→ **Exercise details**: Taking only the lines of the data below from the line with "7인승 | 4334만원 |" to the line with "Váy dự tiệc", ends included, write them out exactly and without pictures.
-- Supplied entries follows --
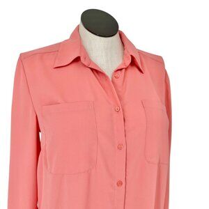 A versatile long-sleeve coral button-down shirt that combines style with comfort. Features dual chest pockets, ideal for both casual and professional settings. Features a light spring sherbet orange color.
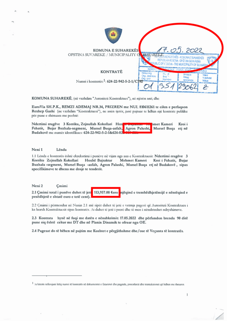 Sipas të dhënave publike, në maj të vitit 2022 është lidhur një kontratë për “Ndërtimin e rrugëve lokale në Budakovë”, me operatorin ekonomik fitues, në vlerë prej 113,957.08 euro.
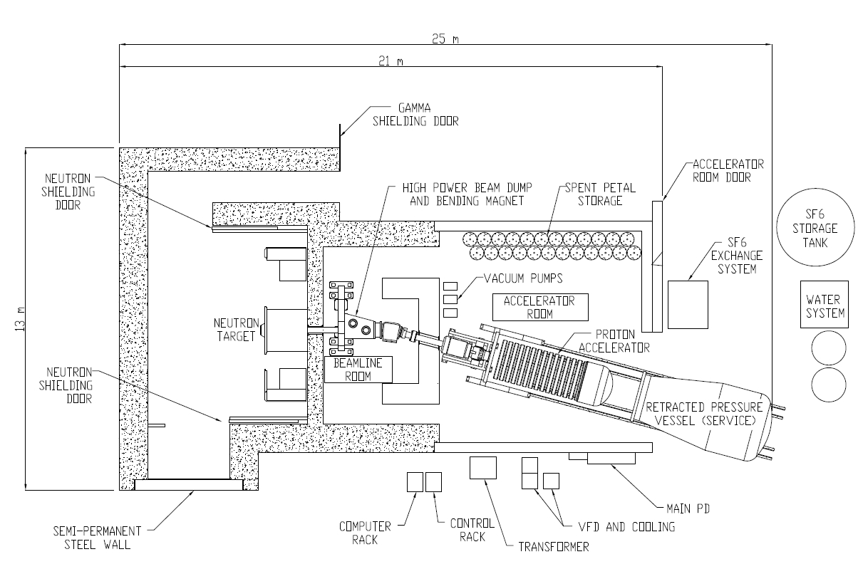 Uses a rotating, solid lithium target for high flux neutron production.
-- Supplied entries concluded --
-- Supplied entries follows --
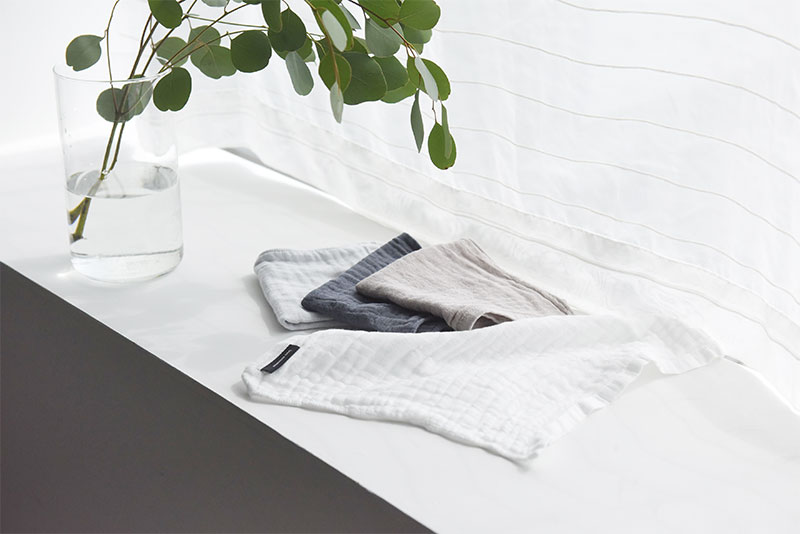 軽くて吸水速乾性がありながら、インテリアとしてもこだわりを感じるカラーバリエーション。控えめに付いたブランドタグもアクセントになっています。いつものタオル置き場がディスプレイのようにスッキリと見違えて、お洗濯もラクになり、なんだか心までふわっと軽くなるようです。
-- Supplied entries concluded --
-- Supplied entries follows --
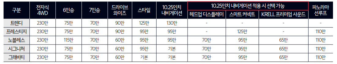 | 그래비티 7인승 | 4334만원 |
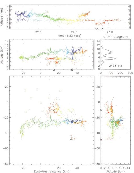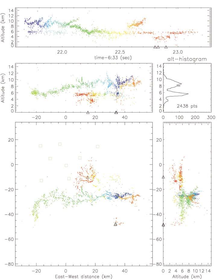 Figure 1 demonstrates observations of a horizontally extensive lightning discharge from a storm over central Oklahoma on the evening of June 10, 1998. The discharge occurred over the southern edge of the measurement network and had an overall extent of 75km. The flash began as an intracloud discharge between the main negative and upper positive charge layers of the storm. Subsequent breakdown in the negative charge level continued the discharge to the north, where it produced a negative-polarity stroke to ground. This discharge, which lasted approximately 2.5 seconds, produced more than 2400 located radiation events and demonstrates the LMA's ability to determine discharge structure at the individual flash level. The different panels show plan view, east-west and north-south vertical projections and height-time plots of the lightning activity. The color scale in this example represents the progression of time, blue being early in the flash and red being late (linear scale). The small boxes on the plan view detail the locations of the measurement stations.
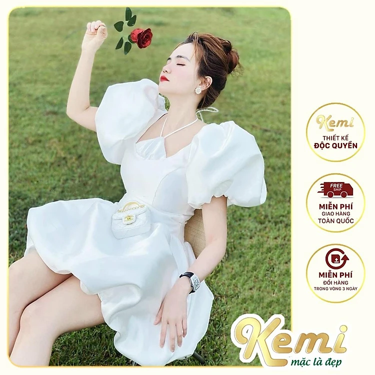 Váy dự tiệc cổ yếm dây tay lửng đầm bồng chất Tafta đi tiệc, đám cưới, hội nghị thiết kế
-- Supplied entries concluded --
→ **Your solution**:
 | 그래비티 7인승 | 4334만원 |
 Figure 1 demonstrates observations of a horizontally extensive lightning discharge from a storm over central Oklahoma on the evening of June 10, 1998. The discharge occurred over the southern edge of the measurement network and had an overall extent of 75km. The flash began as an intracloud discharge between the main negative and upper positive charge layers of the storm. Subsequent breakdown in the negative charge level continued the discharge to the north, where it produced a negative-polarity stroke to ground. This discharge, which lasted approximately 2.5 seconds, produced more than 2400 located radiation events and demonstrates the LMA's ability to determine discharge structure at the individual flash level. The different panels show plan view, east-west and north-south vertical projections and height-time plots of the lightning activity. The color scale in this example represents the progression of time, blue being early in the flash and red being late (linear scale). The small boxes on the plan view detail the locations of the measurement stations.
 Váy dự tiệc cổ yếm dây tay lửng đầm bồng chất Tafta đi tiệc, đám cưới, hội nghị thiết kế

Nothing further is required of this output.